Write out nothing except the lines of the entries below, from the first through the one containing "Elles sont concoctées", exactly and without pictures.

[Stored items from a collection]
* * * * * * *

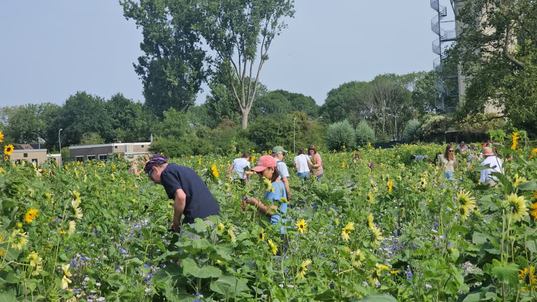 Ook bezoekers genieten zaterdag zichtbaar van de zee aan bloemen. Een jonge vrouw met een boeket zonnebloemen in haar handen vertelt: “Ik ben speciaal voor de zonnebloemen gekomen.” Een andere bezoeker, zittend op de grond tussen alle bloemen, haalt een aantal bladeren van haar bloemstelen af. “Dan is dat alvast gebeurd. Het is zo mooi hier. Ik ben nog niet klaar. Ik ga straks nog wat plukken.”
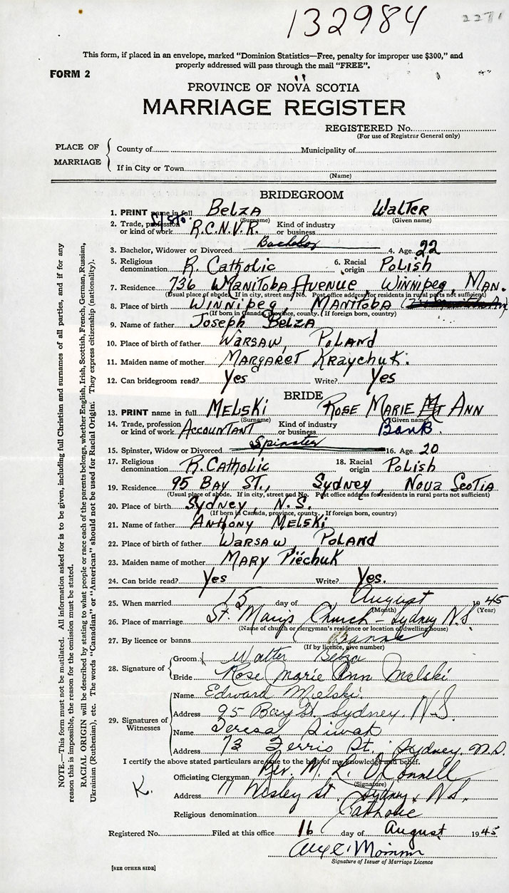 26. Place of marriage St. Mary's Church Sydney, Cape Breton County
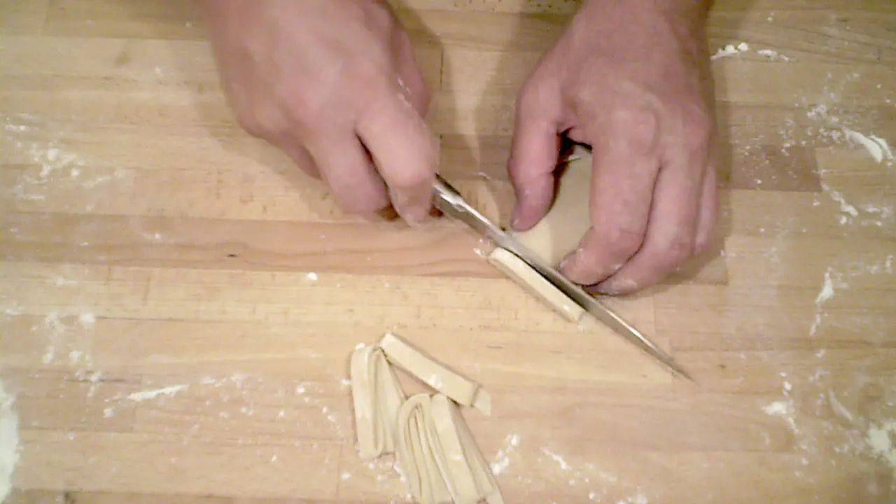 Video Recipe - A lot of us, by now, have a pasta machine, but if you are really hardcore, you make it by hand ;-) A rolling pin and a knife is all you need. The funny thing is that it does actually not take any longer to do it by hand … but it’s quite a bit harder on the arms. Ok. A machine is easier, but it’s fun to do it all by hand.
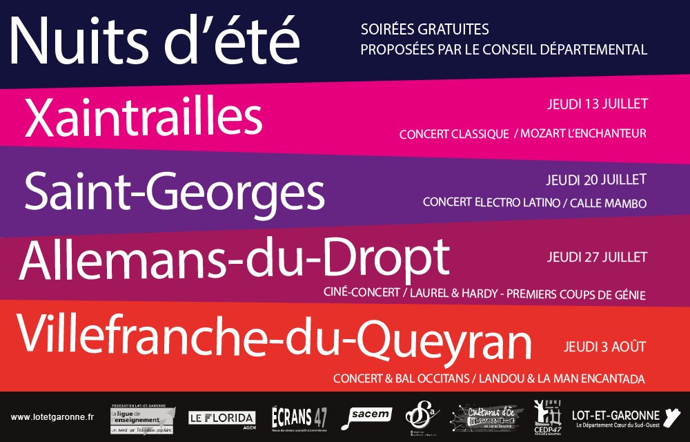 Elles sont concoctées par le Conseil départemental avec le concours du CEDP 47 Paysage & Médiation (balades découvertes), l’OSA, l’Adem-Florida, Écrans 47, la Ligue de l’enseignement et Culturas d’Oc, des acteurs culturels incontournables sur le Lot-et-Garonne, en partenariat avec les associations et les bénévoles des communes d’accueil.
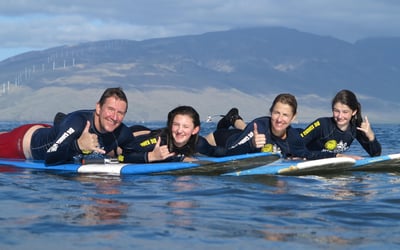 Big Kahuna's instructors consistently earn praise for their patience and ability to get first-timers standing on boards quickly. Names like Sol, Pedro, Jesse, David, and Bryan come up repeatedly, with reviewers noting how they tailor instruction to each person's needs and make nervous kids feel comfortable. The Kihei location (the Cove) seems ideal for beginners with small waves and shallow water, and there's a bonus many don't expect: sea turtles swimming alongside you during lessons. The photography package gets enthusiastic mentions throughout the reviews. Photographers like Johnny, Leilani, and Rory capture those triumphant moments on the waves, and multiple families mention framing these photos as trip souvenirs. Group lessons stay small with multiple instructors dividing people up, so you're not lost in a crowd. While one older review mentions a completely missed lesson (since resolved with a refund), recent feedback consistently points to a well-organized operation where the whole crew cheers for everyone in the water and genuinely wants you to succeed.
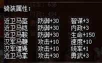 这里先给大家列举一下热血三国3近卫马装的属性。左半边,即马盔、马铠、马鞍,主要加的是防御;右半边,即马鞭、缰绳、马掌,主要加的是攻击。

* * * * * * *

Answer to this exercise =>
 Ook bezoekers genieten zaterdag zichtbaar van de zee aan bloemen. Een jonge vrouw met een boeket zonnebloemen in haar handen vertelt: “Ik ben speciaal voor de zonnebloemen gekomen.” Een andere bezoeker, zittend op de grond tussen alle bloemen, haalt een aantal bladeren van haar bloemstelen af. “Dan is dat alvast gebeurd. Het is zo mooi hier. Ik ben nog niet klaar. Ik ga straks nog wat plukken.”
 26. Place of marriage St. Mary's Church Sydney, Cape Breton County
 Video Recipe - A lot of us, by now, have a pasta machine, but if you are really hardcore, you make it by hand ;-) A rolling pin and a knife is all you need. The funny thing is that it does actually not take any longer to do it by hand … but it’s quite a bit harder on the arms. Ok. A machine is easier, but it’s fun to do it all by hand.
 Elles sont concoctées par le Conseil départemental avec le concours du CEDP 47 Paysage & Médiation (balades découvertes), l’OSA, l’Adem-Florida, Écrans 47, la Ligue de l’enseignement et Culturas d’Oc, des acteurs culturels incontournables sur le Lot-et-Garonne, en partenariat avec les associations et les bénévoles des communes d’accueil.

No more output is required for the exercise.